Paper · 8–10 min read · 2026-06-11

SWE-Lego: Pushing the Limits of Supervised Fine-Tuning for Software Issue Resolving

A close read of the paper behind the pipeline — and why a careful SFT-only recipe still sets the pace for open issue-resolving models. arXiv:2601.01426.


Most of the recent progress on autonomous software engineering — agents that read a bug report, navigate a repository, edit code, and run tests until the suite goes green — has come wrapped in elaborate training stacks: a round of supervised fine-tuning, then reward modeling, then one or more rounds of reinforcement learning, each with its own infrastructure and failure modes. SWE-Lego asks a deliberately unfashionable question: how far can you get with supervised fine-tuning alone, if you do every part of it carefully?

The answer, it turns out, is far. On SWE-bench Verified — the human-filtered slice of SWE-bench where every task has a known-good patch and a reliable test — an 8B model trained with the SWE-Lego recipe resolves 42.2% of issues on its own, rising to 49.6% with test-time scaling. The 32B model reaches 52.6%, and 58.8% once you let it think across sixteen candidate solutions. Those are state-of-the-art numbers among open models of comparable size, reached without a single step of RL.

Left: SWE-Lego models plotted against other open issue-resolving systems by model size on SWE-bench Verified. Right: a bar chart breaking the 32B result down by ingredient.
Figure 1 (from the paper).
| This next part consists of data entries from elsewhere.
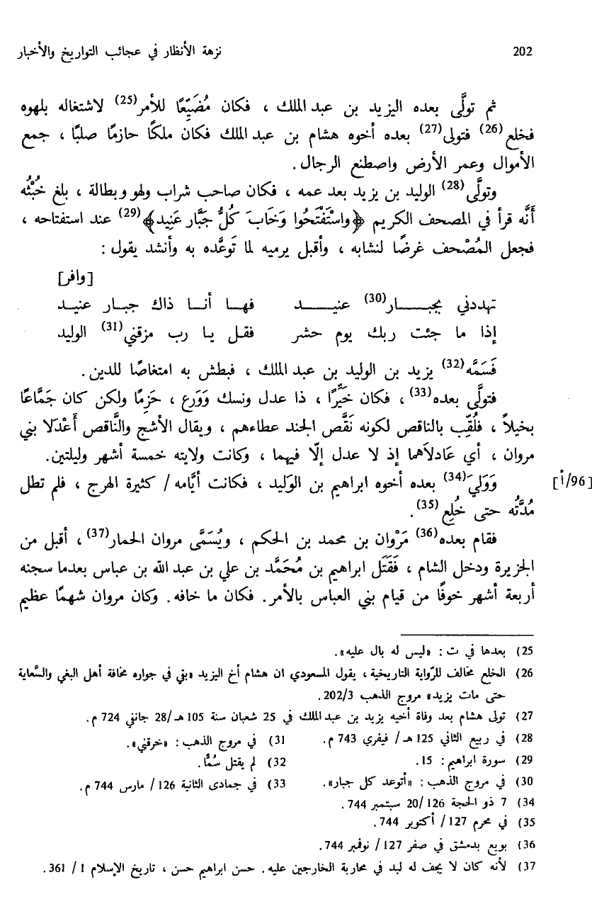 (¬26) الخلع مخالف للرّواية التاريخية، يقول المسعودي ان هشام أخ اليزيد «بقي في جواره مخافة أهل البغي والسّعاية حتى مات يزيد» مروج الذهب 3/ 202.
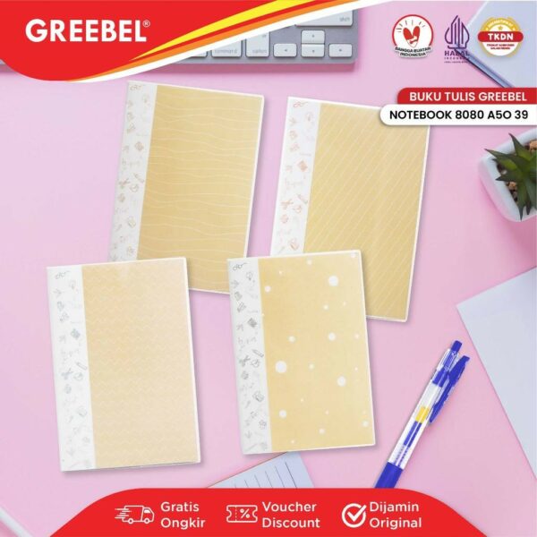 GREEBEL Notebook A5 Buku Diary Aesthetic / Notebook 8080 A5O 39 / Buku Note Binder 80 Halaman / Buku Tulis Lucu Pastel
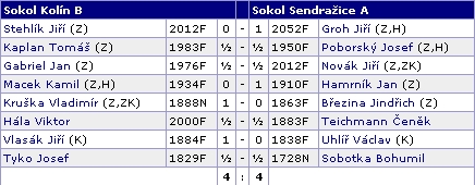 Sokol Kolín B - Sendražice 4:4
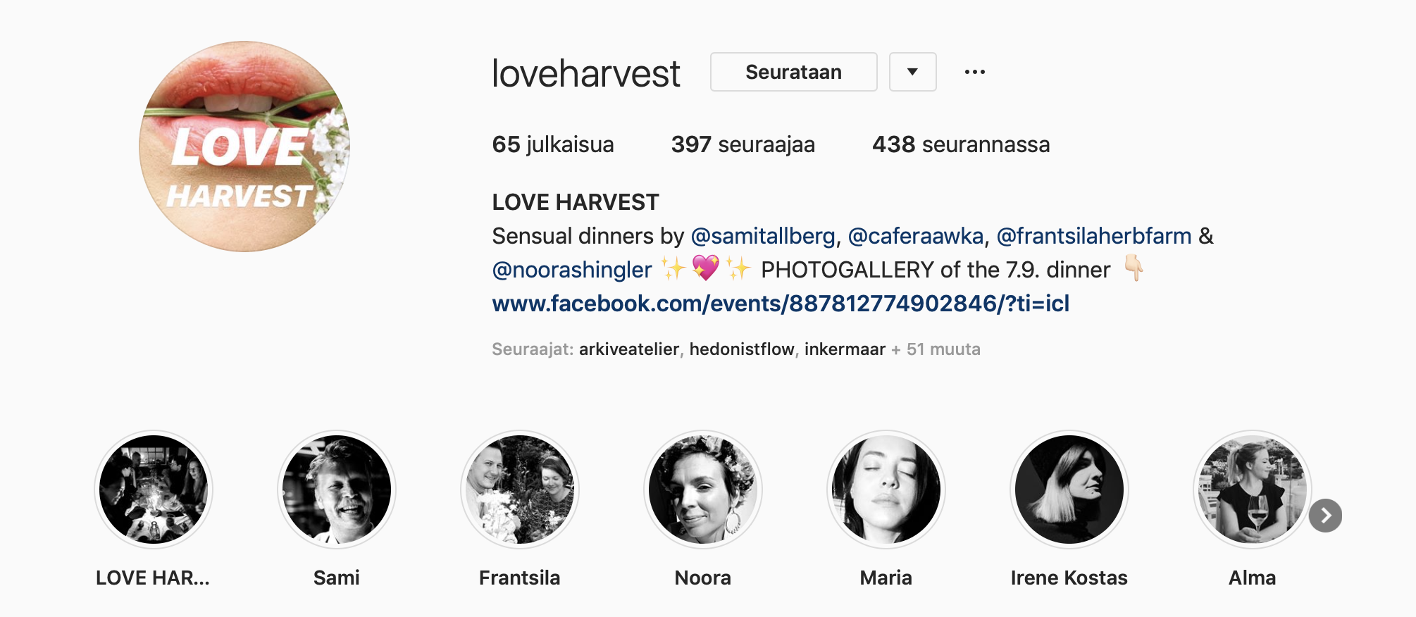 Tällaisia elämyksiä ei kukaan luo yksin ja tiimityö on kaikki kaikessa. Kiitos Sami Tallberg, Frantsila ja Café Raawkan Maria Lundström, sekä remmiin vauhdissa loikannut Alma Aurora Kallio hienosta projektista, jonka myötä saimme kasvien terveysvaikutuksia esille ihan uudella tavalla. Illasta tuli ikimuistoinen monella tapaa, mutta päällimmäisenä on kiitollinen fiilis siitä, että niin moni laittoi meille viestiä jälkikäteen. Tämä oli tavallaan testi, jonka myötä halusimme vähän tunnustella, mitä meinaatte konseptistamme. Kaikinpuolin hyvältä vaikuttaa ja eiköhän Love Harvest ilmesty taas jossakin muodossa johonkin, kun sopiva aika koittaa. Pidän teitä ajan tasalla. Kannattaa myös ottaa seurantaan Love Harvest IG-tili, joka on pääasiallinen viestintäkanavamme.

Left: SWE-Lego models against open issue-resolving systems, by size. Right: the contribution of each ingredient — the dataset, refined SFT, and TTS@16 — building the 32B result from a 23.2% baseline to 58.8%.

This is the paper that motivates LegoFactory. The pipeline you see on the rest of this site — instance collection, trajectory rollout, SFT, evaluation — is the productionized, agent-operated form of the recipe described below. So it is worth understanding what the recipe actually is.

The bet: SFT is data-bound, not method-bound

The implicit claim behind a complex RL stack is that supervised learning has been wrung dry — that to go further you need a reward signal and on-policy exploration. SWE-Lego pushes back on this. Its position is that the ceiling people hit with SFT is usually a data ceiling and a loss ceiling, not a fundamental limit of the paradigm. Fix what the model is trained on, and fix which tokens it is asked to imitate, and the supervised baseline moves a long way up before RL ever enters the picture.

Concretely, the recipe rests on three building blocks: a curated dataset, a refined training procedure, and a test-time scaling stage. Each is simple in isolation; the result comes from getting all three right at once.

Building block 1 — Data that is real, varied, and verified

The dataset pairs two kinds of supervision. The first is task instances: roughly 32,000 of them, drawn from over 3,000 real repositories and filtered for the properties that make a task usable for training — a clear problem statement, a runnable environment, and tests that actually discriminate a correct fix from a broken one. The second is trajectories: about 18,000 full agent rollouts — the sequences of thoughts, tool calls, file edits, and test runs that carry a task from its initial broken state to a passing one.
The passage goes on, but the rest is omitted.